No pictures should appear. The lines from the beginning of the listing through the one holding "(Disneyland, 1950s) An" must be reproduced exactly, and nothing more.

▶ Records
▬▬▬▬▬▬▬▬▬▬

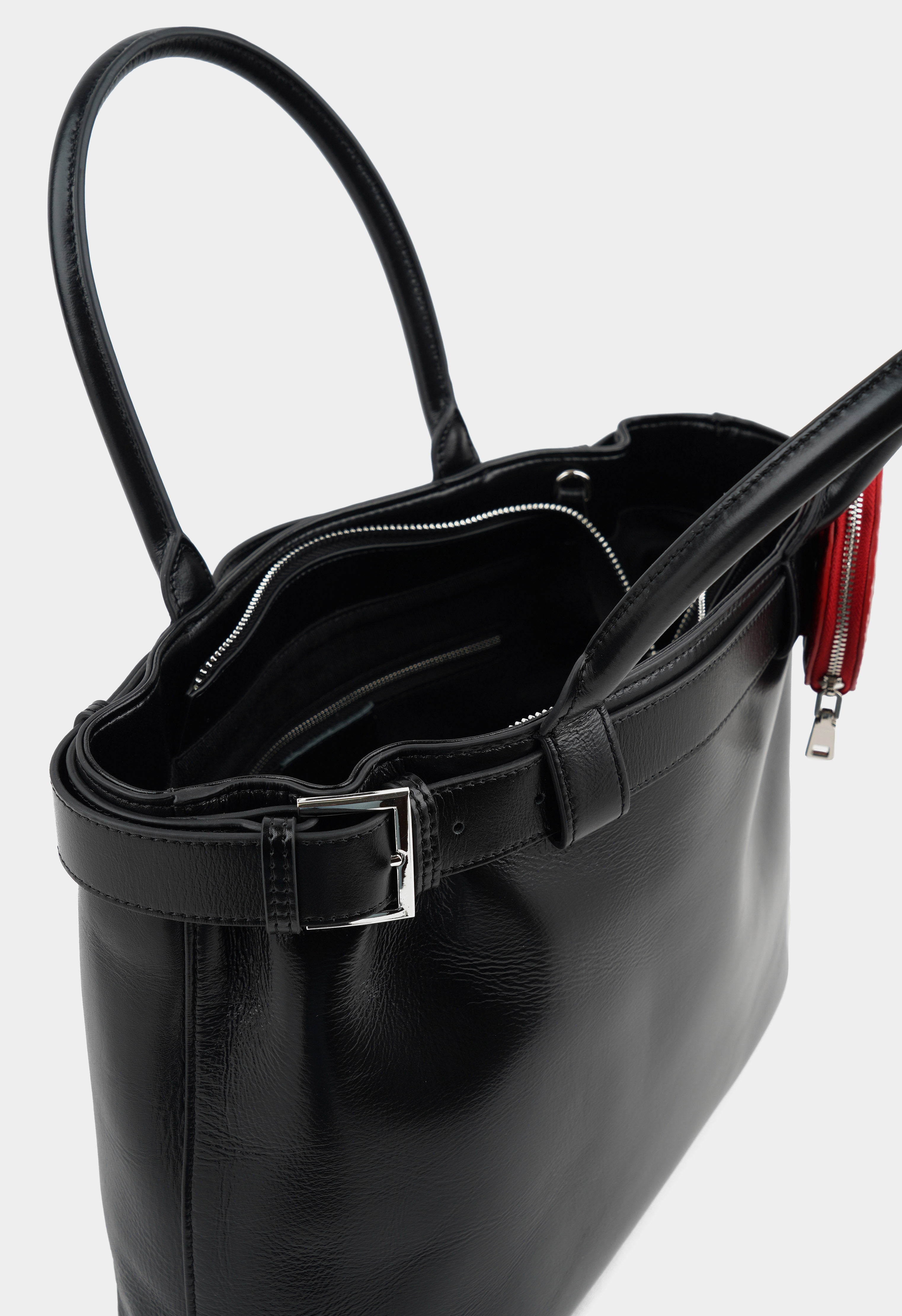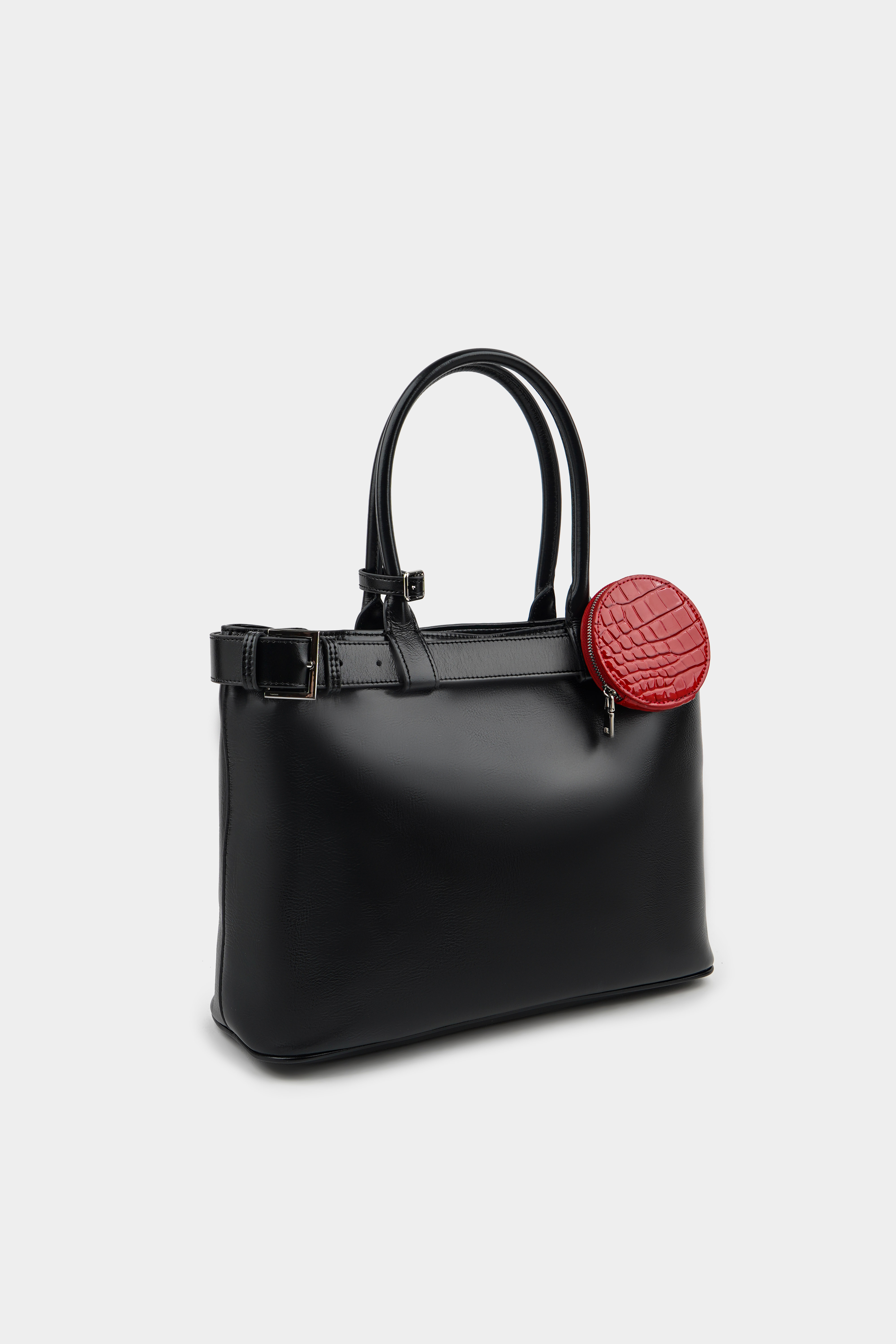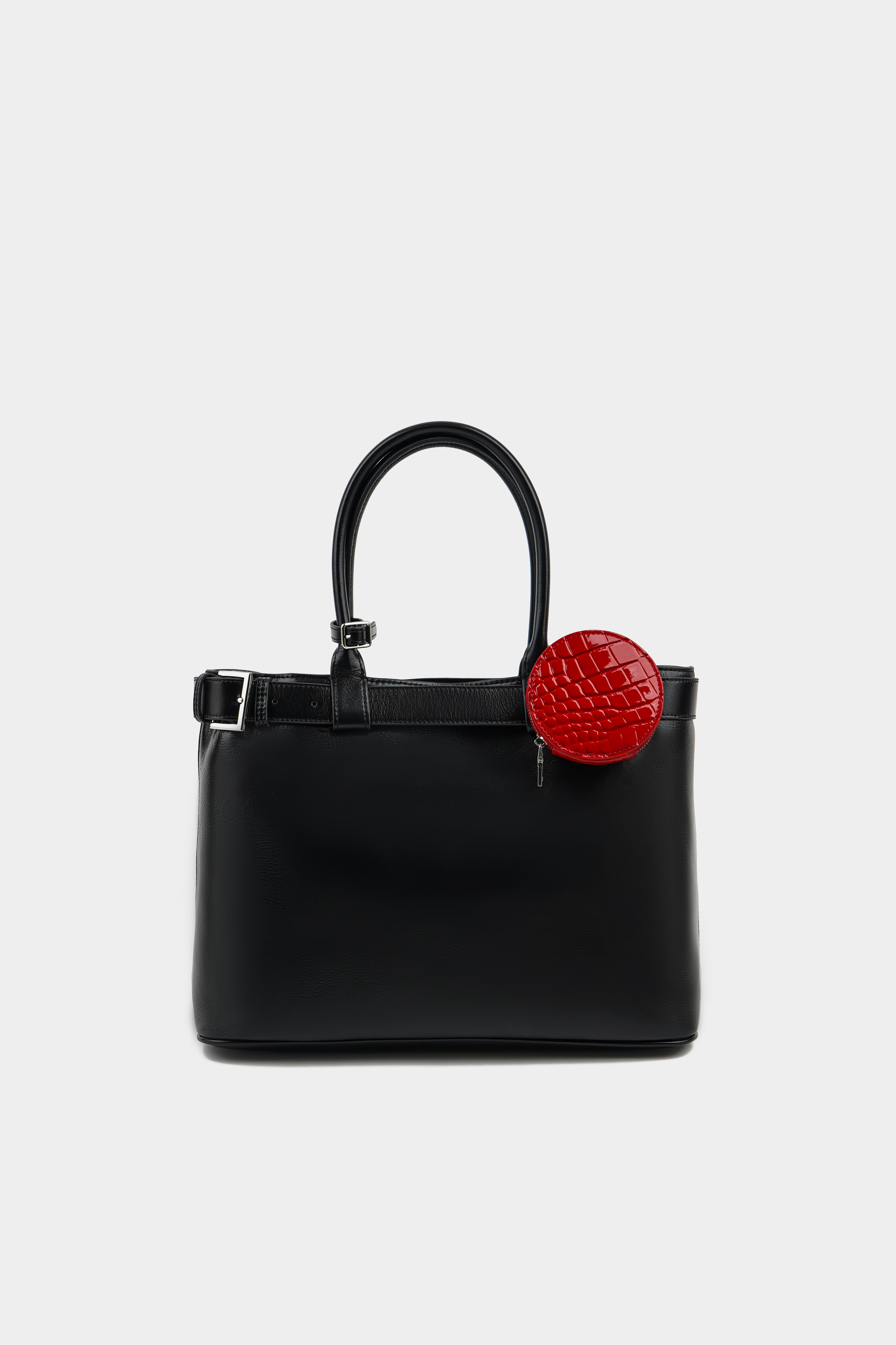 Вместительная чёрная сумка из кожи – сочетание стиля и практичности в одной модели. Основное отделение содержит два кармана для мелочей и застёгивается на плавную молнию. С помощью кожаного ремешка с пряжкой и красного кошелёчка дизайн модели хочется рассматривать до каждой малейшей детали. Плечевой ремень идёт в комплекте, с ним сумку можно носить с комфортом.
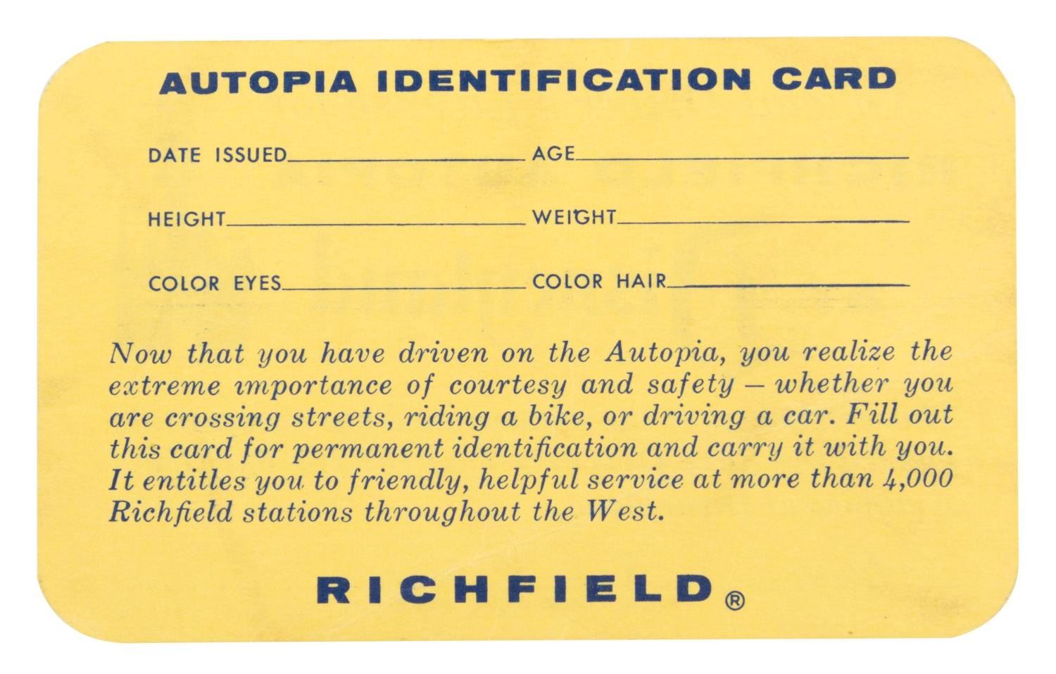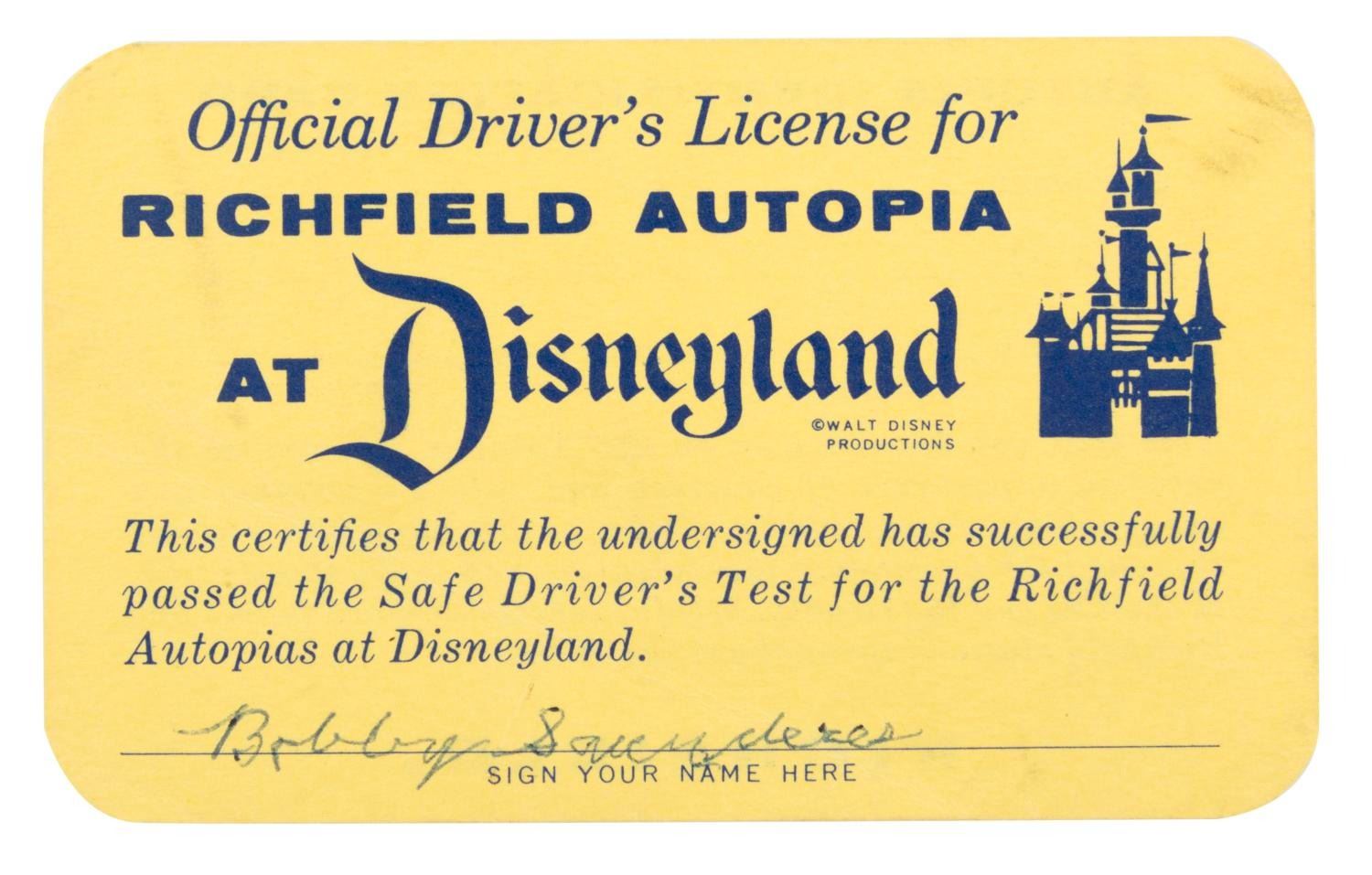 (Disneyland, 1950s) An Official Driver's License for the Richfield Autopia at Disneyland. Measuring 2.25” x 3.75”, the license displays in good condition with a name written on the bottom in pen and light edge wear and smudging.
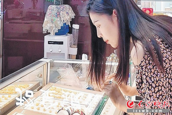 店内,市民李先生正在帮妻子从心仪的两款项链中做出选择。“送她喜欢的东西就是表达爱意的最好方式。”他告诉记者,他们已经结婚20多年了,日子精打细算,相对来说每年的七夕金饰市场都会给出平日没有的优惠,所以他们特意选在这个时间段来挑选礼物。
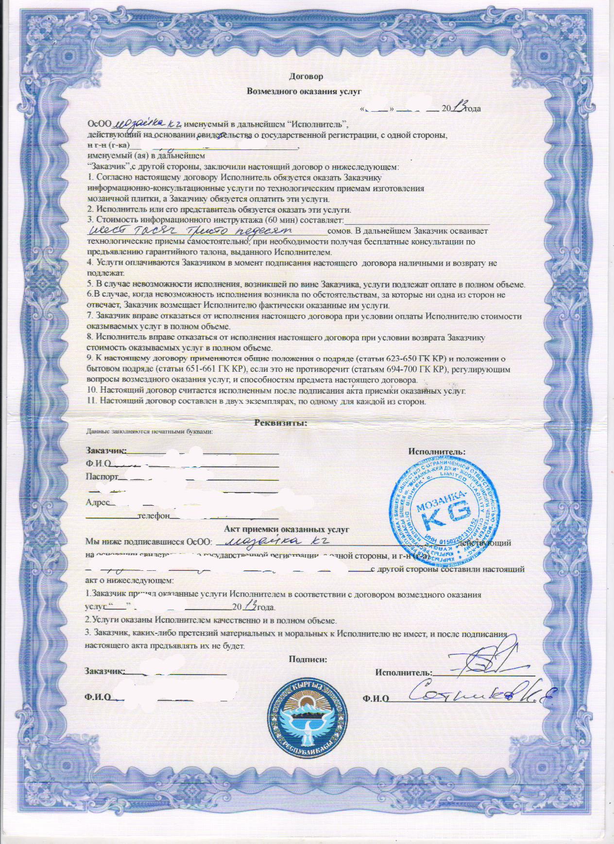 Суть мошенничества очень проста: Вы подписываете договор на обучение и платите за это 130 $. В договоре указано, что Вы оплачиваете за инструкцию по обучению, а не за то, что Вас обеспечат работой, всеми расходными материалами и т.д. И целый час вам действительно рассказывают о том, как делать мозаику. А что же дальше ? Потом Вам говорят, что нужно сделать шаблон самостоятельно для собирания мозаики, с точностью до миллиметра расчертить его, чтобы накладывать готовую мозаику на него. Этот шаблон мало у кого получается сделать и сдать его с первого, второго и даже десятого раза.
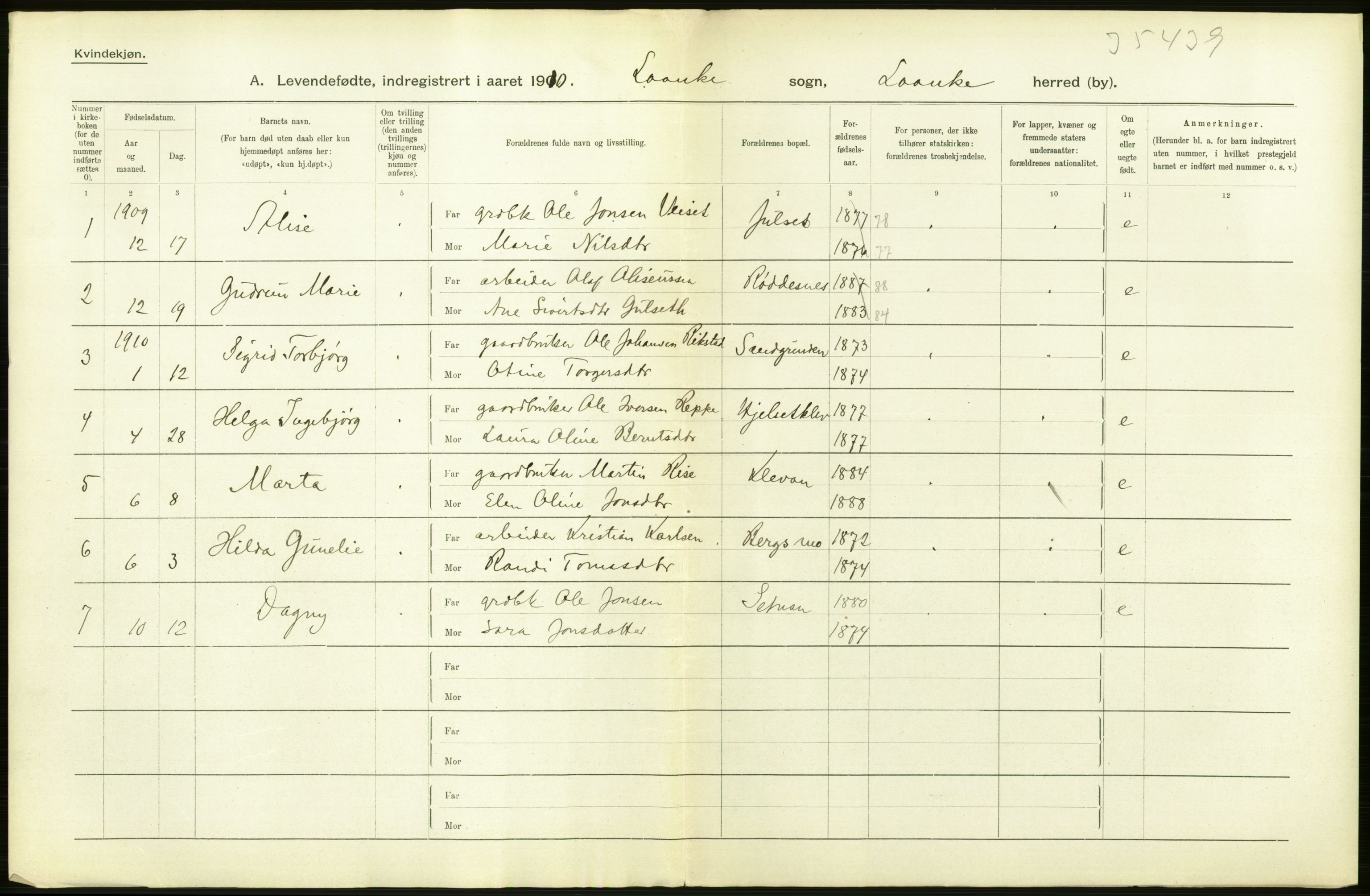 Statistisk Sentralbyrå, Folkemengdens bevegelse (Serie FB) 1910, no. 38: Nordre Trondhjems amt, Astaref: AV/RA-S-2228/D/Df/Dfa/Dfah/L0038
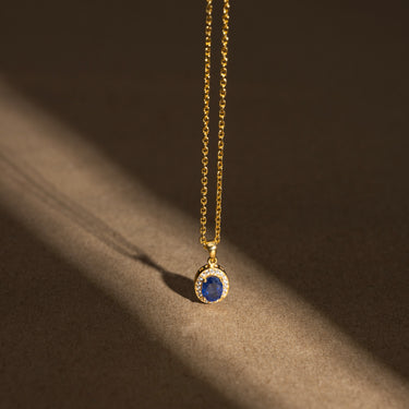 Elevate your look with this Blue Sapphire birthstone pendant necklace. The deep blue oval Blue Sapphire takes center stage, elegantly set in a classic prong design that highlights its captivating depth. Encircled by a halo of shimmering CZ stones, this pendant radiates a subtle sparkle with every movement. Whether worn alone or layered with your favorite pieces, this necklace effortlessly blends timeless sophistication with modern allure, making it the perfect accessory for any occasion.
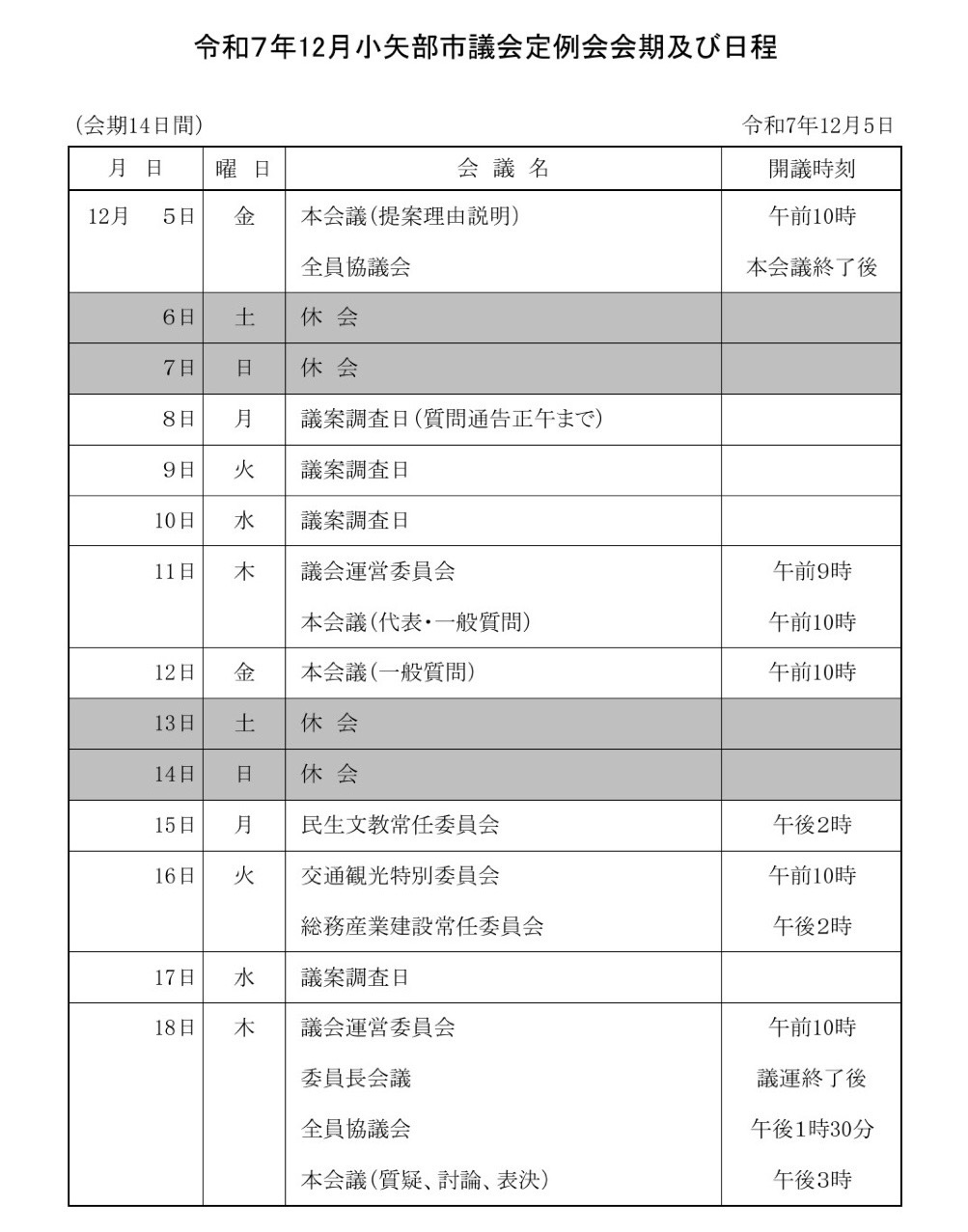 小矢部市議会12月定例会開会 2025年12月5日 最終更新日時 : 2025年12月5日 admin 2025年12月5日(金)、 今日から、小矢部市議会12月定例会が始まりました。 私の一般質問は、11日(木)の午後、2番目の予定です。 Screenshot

▬▬▬▬▬▬▬▬▬▬

▶ Answer box
 Вместительная чёрная сумка из кожи – сочетание стиля и практичности в одной модели. Основное отделение содержит два кармана для мелочей и застёгивается на плавную молнию. С помощью кожаного ремешка с пряжкой и красного кошелёчка дизайн модели хочется рассматривать до каждой малейшей детали. Плечевой ремень идёт в комплекте, с ним сумку можно носить с комфортом.
 (Disneyland, 1950s) An Official Driver's License for the Richfield Autopia at Disneyland. Measuring 2.25” x 3.75”, the license displays in good condition with a name written on the bottom in pen and light edge wear and smudging.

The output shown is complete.